INSTRUCTIONS TO FOLLOW —
Starting at the line that contains "ଉପରାଜ୍ୟ ବିଧାୟକ ସମର୍ଥକଙ୍କ", transcribe every remaining line of the data below exactly, and omit all pictures.

THE INPUT —
=====

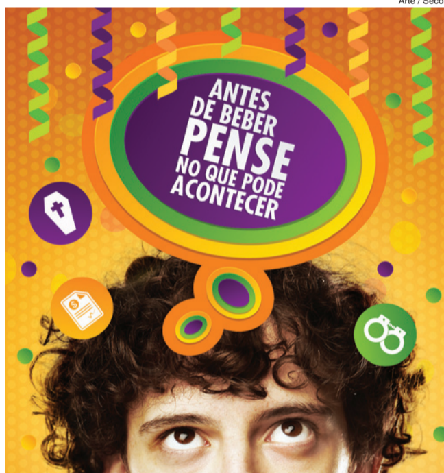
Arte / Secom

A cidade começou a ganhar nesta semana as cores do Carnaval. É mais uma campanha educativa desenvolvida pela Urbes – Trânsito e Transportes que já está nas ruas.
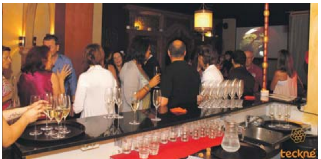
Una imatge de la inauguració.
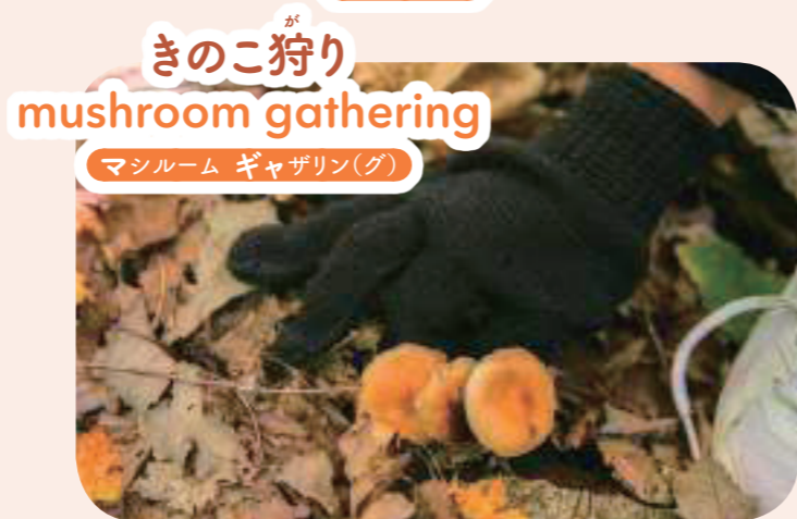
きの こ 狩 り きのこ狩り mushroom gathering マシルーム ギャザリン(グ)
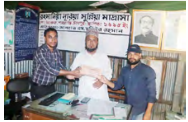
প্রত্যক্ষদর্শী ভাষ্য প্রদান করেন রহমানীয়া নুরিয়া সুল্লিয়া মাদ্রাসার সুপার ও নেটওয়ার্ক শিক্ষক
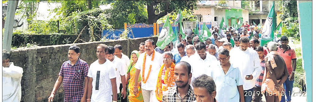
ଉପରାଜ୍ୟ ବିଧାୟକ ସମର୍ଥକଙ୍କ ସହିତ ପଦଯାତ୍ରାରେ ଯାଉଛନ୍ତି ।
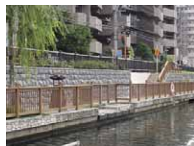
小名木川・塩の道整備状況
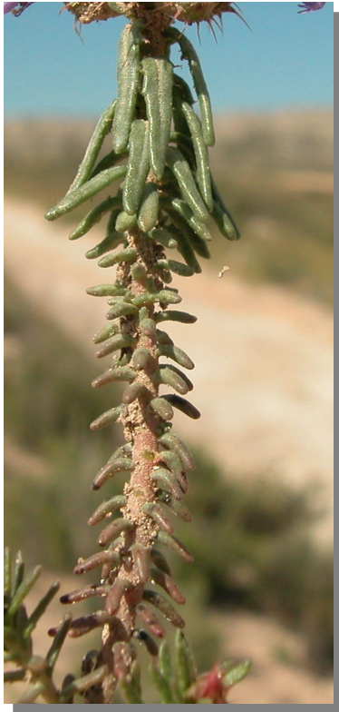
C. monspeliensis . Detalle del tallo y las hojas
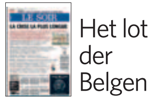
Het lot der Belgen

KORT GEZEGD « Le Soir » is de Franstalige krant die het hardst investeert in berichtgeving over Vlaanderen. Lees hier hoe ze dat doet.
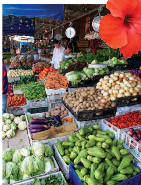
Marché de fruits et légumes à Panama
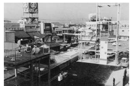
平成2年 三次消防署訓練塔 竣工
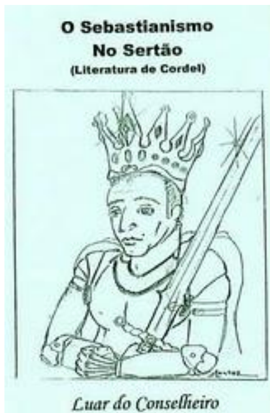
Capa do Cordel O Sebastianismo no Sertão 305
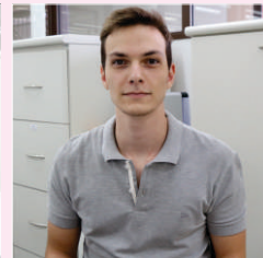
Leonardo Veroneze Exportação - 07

=====

TASK RESULT —
ଉପରାଜ୍ୟ ବିଧାୟକ ସମର୍ଥକଙ୍କ ସହିତ ପଦଯାତ୍ରାରେ ଯାଉଛନ୍ତି ।
小名木川・塩の道整備状況
C. monspeliensis . Detalle del tallo y las hojas
Het lot der Belgen

KORT GEZEGD « Le Soir » is de Franstalige krant die het hardst investeert in berichtgeving over Vlaanderen. Lees hier hoe ze dat doet.
Marché de fruits et légumes à Panama
平成2年 三次消防署訓練塔 竣工
Capa do Cordel O Sebastianismo no Sertão 305
Leonardo Veroneze Exportação - 07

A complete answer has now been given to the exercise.